Rozdział 64
Gdy obudził się następnego dnia, do jego sypialni wpadały promienie słońca. Lekkie zasłony przy drzwiach francuskich były otwarte, gdy kładł się spać wczoraj wieczorem, a teraz usiadł powoli, niewyraźnie. Zbyt dużo drinków i bardzo późna noc sprawiły, że był niespokojny i w końcu zasnął o świcie.
Rozległy się podniecone dźwięki jego dzieci, a on ciekawie utykał do okien wychodzących na trawnik.

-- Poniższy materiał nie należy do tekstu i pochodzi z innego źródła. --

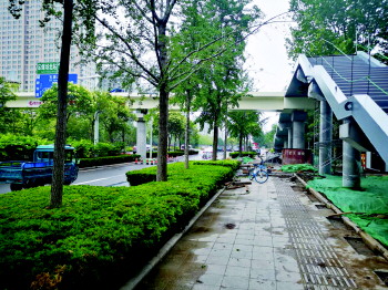 6月29日上午,当记者来到潍坊市区北海路富华巷路口时,此处的过街天桥已经完成了天桥上部主体吊装,一座漂亮的天桥初步呈现在市民面前。北海路桐荫街路口的天桥也已经完成主体桥面吊装,施工人员仍在进行紧张的施工。四处过街天桥除了外观各有特色外,桥体的各项数据指标都一样,天桥主桥净跨64米,桥下净空5米,桥面净宽3.5米,设四部梯道。 齐鲁晚报·齐鲁壹点记者 蔚晓贤 摄影报道
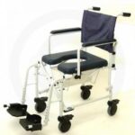 Mobile shower chair designed for use in the shower and also fits over most standard toilet bowls.

Miał gołą klatkę piersiową, miał na sobie bokserki i zdał sobie sprawę, że zaczynał się robić chłód zimy. Wchodząc na balkon, spojrzał w dół na trawniki pod swoimi pokojami na drugim piętrze, roztargnionymi ruchami drapiąc się po owłosionej klatce piersiowej.
Jego żona i dzieci siedziały na trawie, w miejscu, które Prozerpina prawdopodobnie wyobrażała sobie jako odosobnioną część ogrodu. Nie miała pojęcia, że kiedy wyszedł na taras, miał dobry widok na swoją rodzinę. Ona wykonywała poranne ćwiczenia jogi, a dzieci się wygłupiały. Wszyscy byli w strojach do jogi, ale to giętkość jego żony sprawiła, że skupił się całkowicie na niej, jak uczeń zafascynowany pierwszym widokiem ponętnego ciała kobiety.